Let $S$ be the Schwartz class. Show that if $f,g\in S$, then $fg\in S$ and $f*g\in S$, where $*$ denotes convolution.
To differentiate $fg$, we may apply Leibniz's rule ( http://en.wikipedia.org/wiki/General_Leibniz_rule ). And then maybe induct on the order of the derivative.
Is there something useful that can be applied to differentiating $f*g$? I guess there's a product rule for convolution. But after using product rule, there's still a convolution sign.
On
You can use the fact that $\widehat{f*g} = \hat f \hat g$. If you know that $f,g \in S$ implies that $\hat f$ and $\hat g$ are in $S$, then use the Fourier inversion formula to get $f * g (x)= (2\pi) ^{-n}~~\widehat{\widehat{f*g}}(-x)$.
Since $\widehat{f*g} = \hat f \hat g$ and you know that the pointwise product of two functions in $S$ is in $S$, $\widehat{f*g}$ is in $S$, implying that $\widehat{\widehat{f*g}}$ is in the Schwartz space $S$.
All told, we get that $f * g$ is equal to a constant times a function in $S$.
Notice that everything in $S$ lies in $L^1$, so use of the Inversion formula is valid.
$(f*g)' = (f')*g = f*(g')$. Just differentiate under the integral.
So it is sufficient to show that if $f$ and $g$ are Schwartz, then $f*g(x)/|x|^n \to \infty$ as $x \to \pm\infty$. Let's just do the case $+\infty$. Since $f$ and $g$ are $C^\infty$, they are bounded on any compact set, and hence $|f(x)|,|g(x)| \le C_n /(1+|x|^n)$ where $C_n$ depends upon $n$.
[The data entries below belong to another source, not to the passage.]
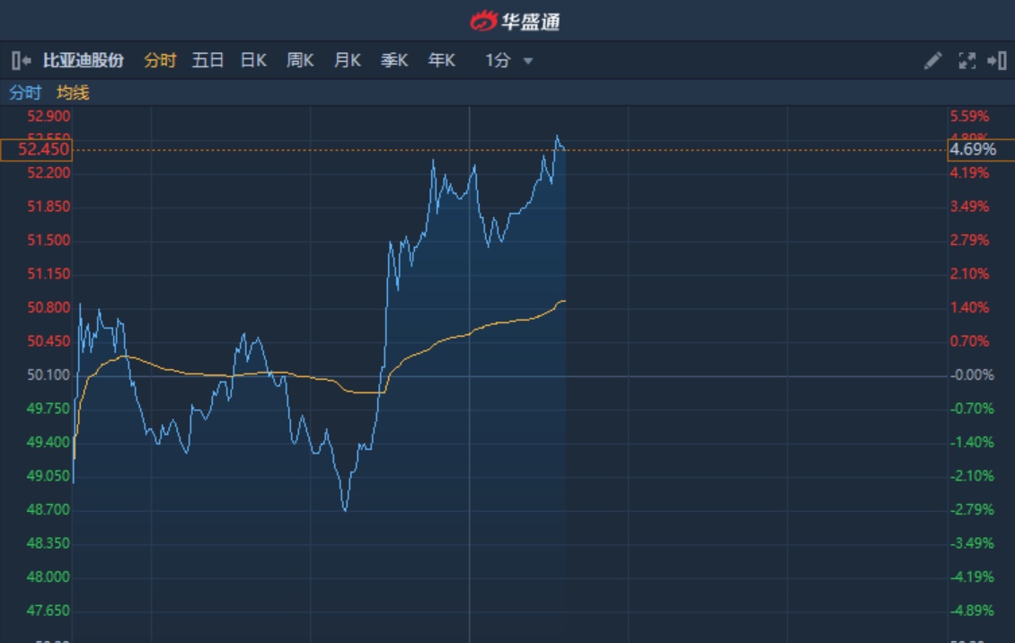 智通财经APP获悉,比亚迪股份(01211)A股盘中涨超8%,H股跟涨逾4%,截至13时35分,涨4.69%,报价52.45港元,成交额6.031亿。
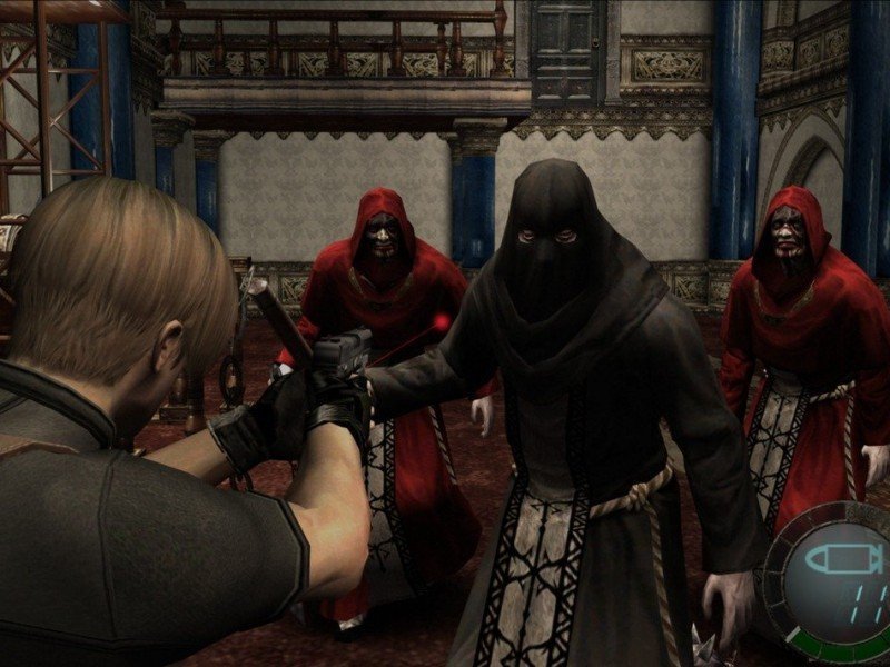 Quand un ennemi est sonné, vous pouvez donner un coup de pied en appuyant sur X. L'action apparaîtra à l'écran. Il est également plus facile de se dégager en cas de contact avec le méchant. Des écrans fixes vous apprendront au fil de la partie les nouvelles possibilités. Attention aux personnes ayant une tronçonneuse ! Ils vous touchent et c'est la décapitation assurée. Résistant en plus ces sales bêtes et vous n'êtes pas à l'abri d'autres surprises surprises. Plus tard quand vous aurez trouver Ashley, il faudra repousser la menace, et la protéger. Heureusement, il sera possible de la cacher dans certaines malles.
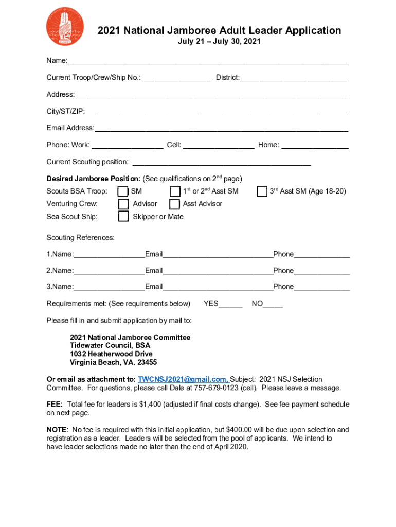 2021 National Jamboree Adult Leader Application July 21 July 30, 2021, Name: Current Troop/Crew/Ship No.: District: Address: City/ST/ZIP: Email Address: Phone: Work: Cell: Home: Current Scouting position:
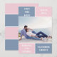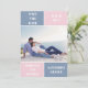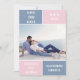Dusty blue and blush pink color block wedding Save the Date card. The back includes a pattern with wide bands in dusty blue and blush pink.
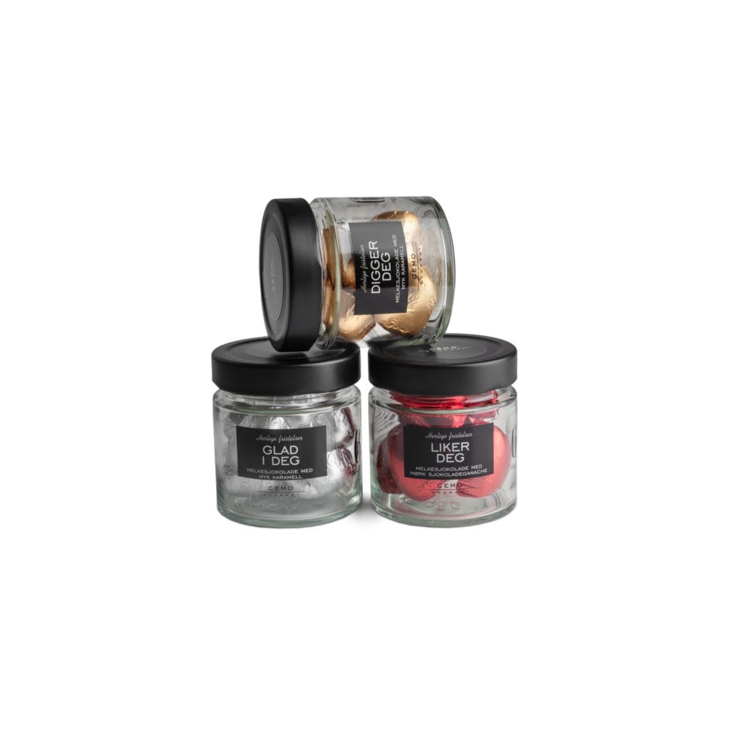 Glad i deg: Sukker, invertsukkersirup, helmelkspulver, kakaosmør, smørolje (melk), kakaomasse, laktose, glukosesirup, karamellisert sukker, helmelk, vann, vaniljearoma, emulgator (soyalecitin), vaniljeekstrakt. Kan inneholde spor av gluten, egg og nøtter. Nettovekt: 100 g
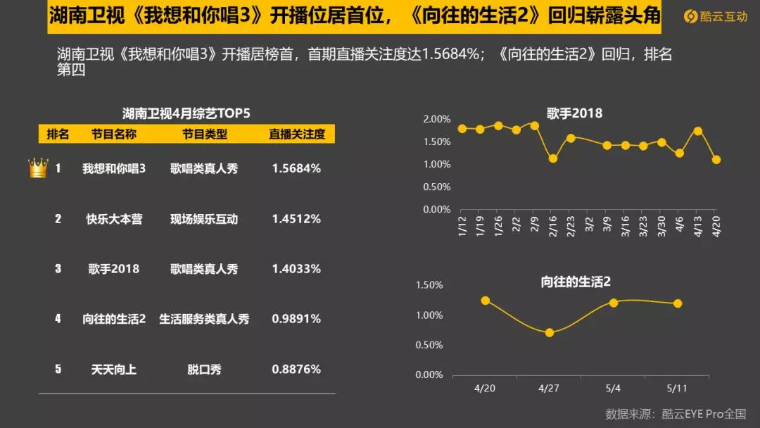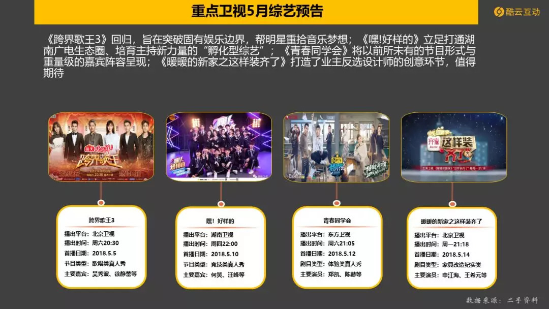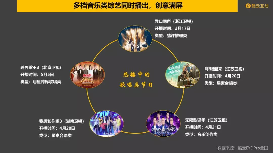 1. 《异口同声》(浙江卫视)、《嗨!唱起来》(江苏卫视)、《无限歌谣季》(江苏卫视)、《我想和你唱3》(湖南卫视)、《跨界歌王3》(北京卫视)多档音乐类综艺同时播出。
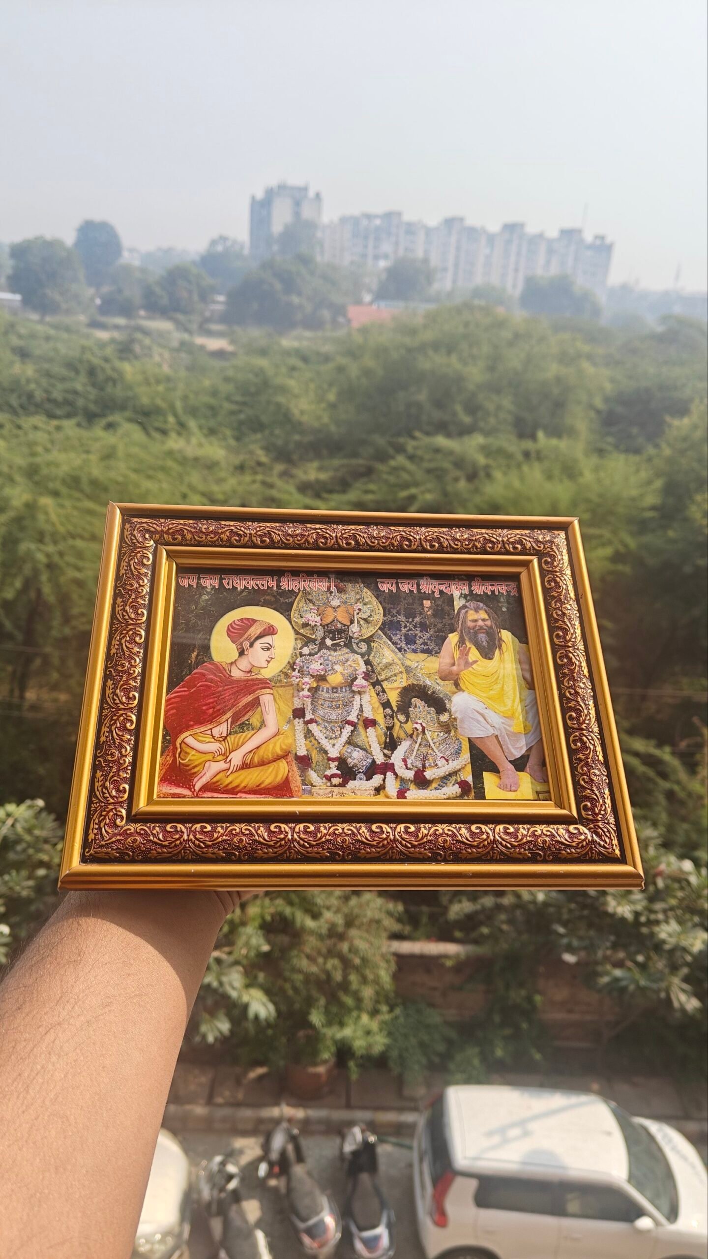 Keli Kunj Diksha Frame featuring Shri Harivansh Mahaprabhu, Shri Premanand Ji Maharaj, and Shri Radhavallabh Ji in one sacred frame. This divine frame symbolizes guru-kripa, bhakti, and the eternal Radha-Vallabh tradition. Ideal for home temple, pooja room, ashram, or gifting to Harivanshi devotees. Crafted with premium quality printing and durable framing for long-lasting spiritual presence.
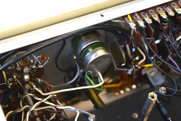こちらはバランスボリュームです。以前どこかでレストアされたときに交換されています。緑色のボデイの、仕様の違うクラロスタットです。
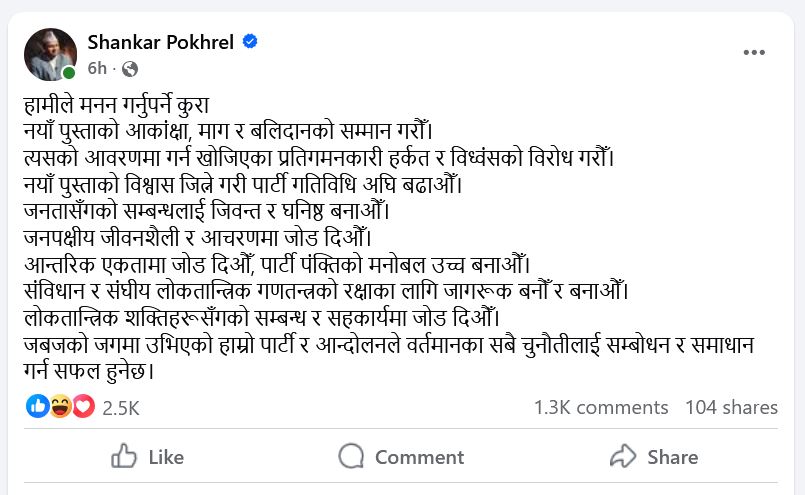 पार्टीको मुल नेतृत्वमात्र नभइ महासचिव भन्दा माथिका सबै नेता विदा गर्नुपर्ने र पार्टीको नेतृत्व पुस्तान्तरण गर्नुपर्ने आवाज चर्किरहेको समयमा महासचिव पोखरेलले भने फेरि ८ बुँदामा नारा सिफरिस गर्दै नेताहरूई यो गरौँ र त्यो गरौँ भन्ने विषय सार्वजिनक गर्नुभएको छ ।
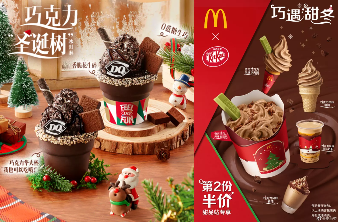 大品牌们的动作往往是比较早的,11月底,DQ就开始预告今年的圣诞新品“巧克力圣诞树冰淇淋”将于12月1日正式上市,所使用的元素仍然是冬季较受欢迎的巧克力、榛子等,并搭配巧克力华夫杯制成圣诞树的造型,讨巧可爱。麦当劳则是与KitKat联名上新奇巧巧克力麦旋风、华夫筒,用绿色的KitKat威化映衬出圣诞氛围。
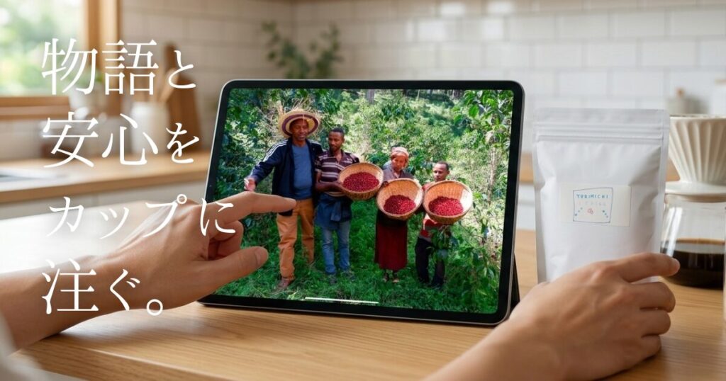 「エチオピアの〇〇農園で、〇〇さんが丹精込めて育てた」という背景を知ることは、ワインのヴィンテージを楽しむ感覚に似ています。
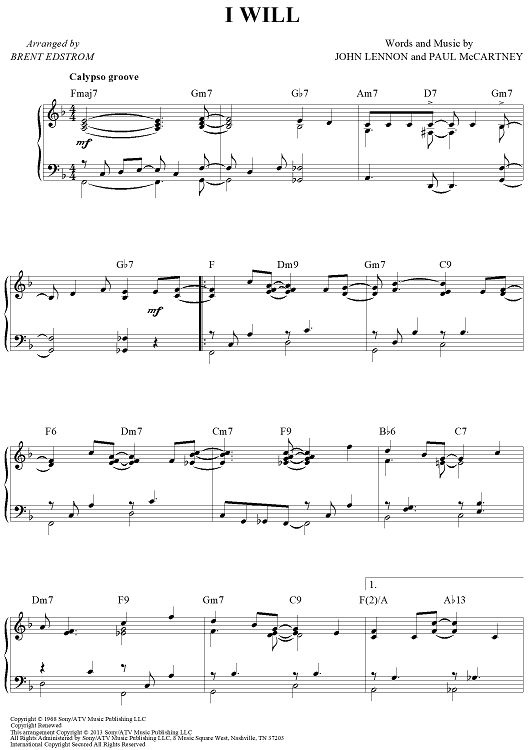 Digital Sheet Music for I Will by Paul McCartney, The Beatles, John Lennon, Brent Edstrom scored for Piano Solo; id:460213
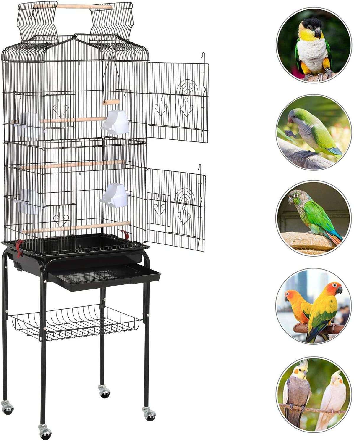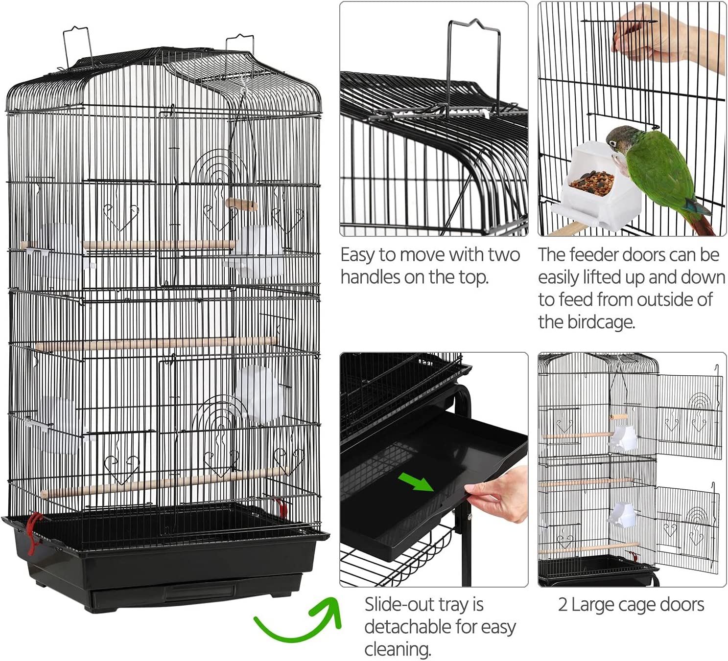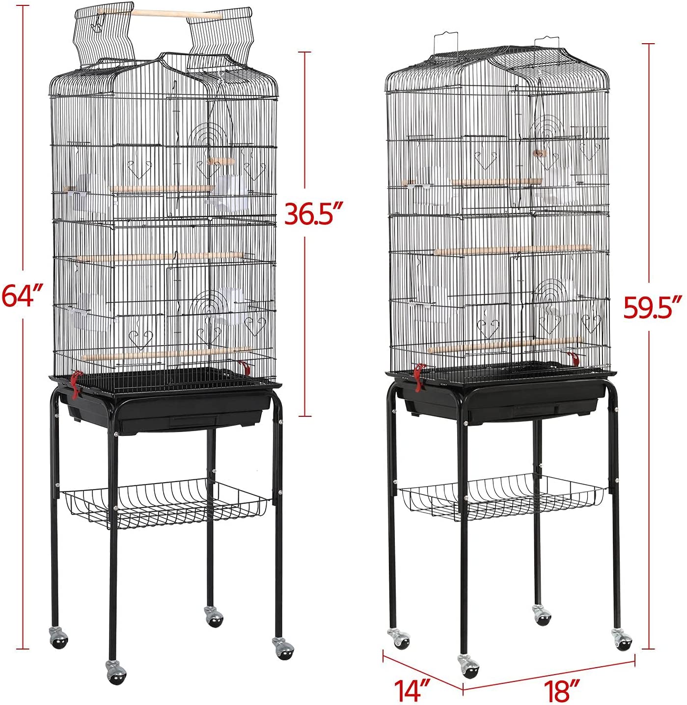 Yaheetech 64-inch Play Open Top Medium Small Parrot Parakeet Bird Cage for Lovebirds Finches Canaries Parakeets Cockatiels Budgie Parrotlet Conures Bird Cage with Detachable Rolling Stand

Then $$ |f*g(x)| = \left|\int_{-\infty}^\infty f(x-y) g(y) \, dy\right| \\ \le \left|\int_{-\infty}^{x/2} f(x-y) g(y) \, dy\right| + \left|\int_{x/2}^\infty f(x-y) g(y) \, dy\right| \\ \le \sup_{y\le x/2}|f(x-y)| \int_{-\infty}^\infty |g(y)| \, dy + \sup_{y\ge x/2}|g(y)| \int_{-\infty}^\infty |f(x-y)| \, dy \\ \le D C_n /(1+|x/2|^n) ,$$ where $D = \|f\|_1+\|g\|_1$.